Source material:
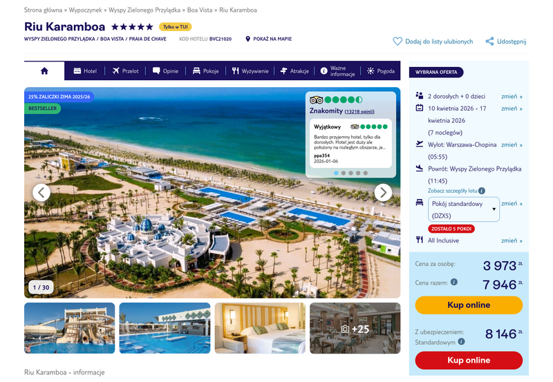 Aktualizacja: Boa Vista (Wyspy Zielonego Przylądka): znakomity 5* hotel z all inclusive za 3966 zł
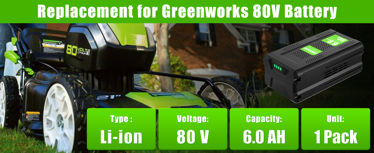 ⚡【High-capacity Battery】Replacement for Greenworks 80V battery | Battery type: Li-ion | Voltage: 80V | Capacity: 6000mAh | Package includes : 1 X Replacement for Greenworks pro 80v battery.
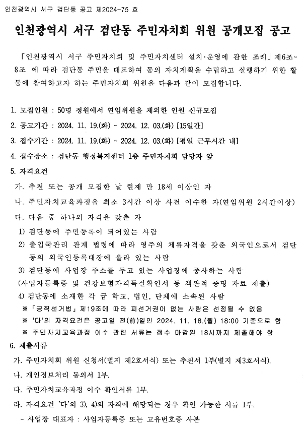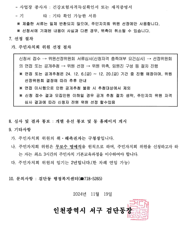 주민자치회 위원 공개모집 서류 및 교육 안내

Work request: Transcribe word for word only the lines from the one with "pro 80v battery." through the end of the listing; every picture is to be omitted.

Your response:
 ⚡【High-capacity Battery】Replacement for Greenworks 80V battery | Battery type: Li-ion | Voltage: 80V | Capacity: 6000mAh | Package includes : 1 X Replacement for Greenworks pro 80v battery.
 주민자치회 위원 공개모집 서류 및 교육 안내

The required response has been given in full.